Let’s take another look at Veeva Systems (VEEV) (November 28, 2014)

print

I want to look back at Veeva Systems ( NYSE:VEEV ). When I was last looking at this stock and I mentioned this is an IPO stock; it had been cut in half and the stock had been consolidating. This is how it looked on this Friday or Thursday or whenever I looked at it last, I know it was one of these two days. I mentioned that this was a stock if you’re looking for a trading stock, this was not really you’re stock because this thing could kind of drift sideways for quite a while, you can see the general trend, it’s not a trading stock.

However, if you are patient and you just want a stock to hold this is probably a good stock for you. So if we had instead traded this stock, first of all where’s your entry here, maybe here. You’re chipping around here in a stupid 10 percent, maybe, trading range on this goofy stock; trending up above the 50-day moving average, but you’re saying okay I’ll buy this stock here. The low is 27.31 and then the stock moves up a little bit; happy, happy, joy, joy. What have you made, like 15 cents? Not even that, and the stock is grinding around here and now you’ve gotten taken out of your position.

This is what happens when you are trading a stock that is not a tradable stock, it’s not a stock that should be traded. It’s a stock that if you are going to buy it, then buy it for a reason; and that is because you’re comfortable holding it. Here’s the other thing, just about any other market commentator will give you a trading idea and you really like it.
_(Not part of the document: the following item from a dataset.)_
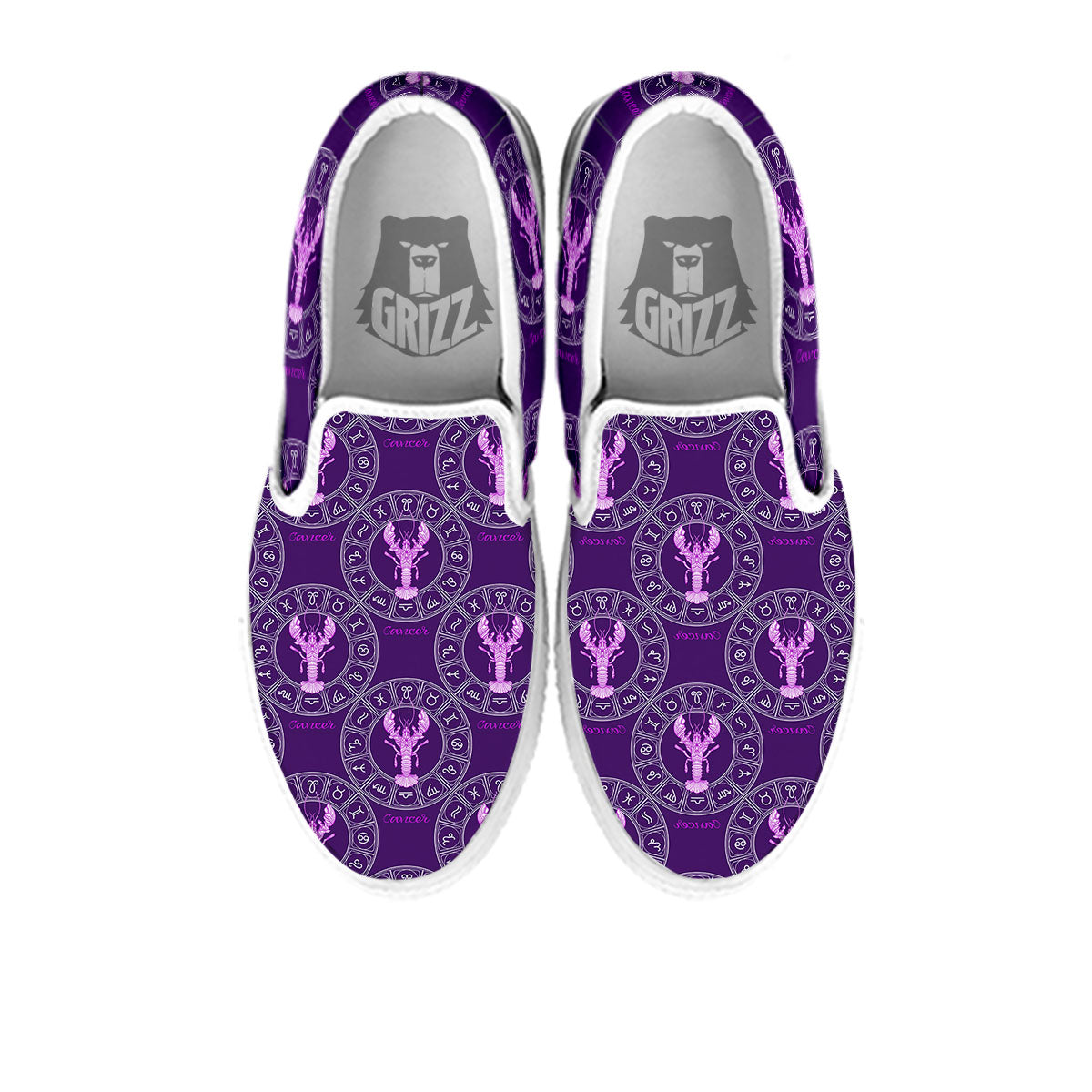 Zodiac Cancer Purple Print Pattern White Slip On Shoes

You go like, “Oh my gosh this is great,” or maybe it sucks, but lets say you like it; you have to keep in mind what you’re timeframe is, it has to be in sync with what the stock is doing.

It’s one thing for somebody to say, “Hey buy this stock right now, it’s moving.” If that’s your trade, which is fine, then if the stock’s not moving then there’s really no reason for you to be in it. Because the only reason you were in it was because quote, “it was supposed to be moving” and it’s not. On the other hand if you’re buying a stock because you think it’s a good long-term hold; it’s flitting around here, kind of moving sideways, not doing a whole lot, but you like the uptrend; you like the 50-day moving average, you like the company, you like the business that it’s in, all of this stuff.

If you like all that then you go ahead and buy the stock and you don’t sit here and watch it, you don’t sit here and, “Oh it’s up 64 cents, I wonder if I should sell? Oh my gosh now it’s down 86 cents I’ve definitely got to sell.” Instead you buy the stock, know that all of these little boxes here, the red and green ones, were made because that’s the way the prices fluctuate. The stock is actually in a tight trading range here, you want to just buy the stock, basically forget about it until, oh golly gee here the stock is, pops up, nice report, up above this last high and the very next day, which is on Friday when like nine people were trading, maybe you were one of them, the stock moves up even more but on very, very light volume.

So what do you do with the stock now? If you are long this stock I would say this, if you’re itching to take profits and go ahead and take profits, but lets go back to the initial trade. You’re not buying this stock, unless this was part of your plan, you’re not buying the stock saying I’m going to wait for an earnings pop or something, and then I’m going to sell it right away. You’re buying this stock, at least according to my thesis, because you like the stock, you like the company; you see that it was an IPO that got absolutely killed. Now the stock is climbing up, it’s making its way back up; this is a stock that you want to hold.

Maybe you sell some at 32.85 then what are you going to do? Buy it when it falls back to 31.00 or so, when it falls back to 30.00? Fine. But what if it doesn’t, what if it keeps going? My point is know what you’re doing before you do it, and then after you do it make sure you stick with doing what you’re doing. So here I think you can just hold this stock, maybe it gets a little pull back next week, but maybe it doesn’t. So you take a stock like this, you’ve got your plan and then you just execute that plan, and that is you look at this now and say, “Wow! This stock is moving in my favor.” What’s my next step? My next step is actually considering where I’m going to add more to this position; that my friend is for another video.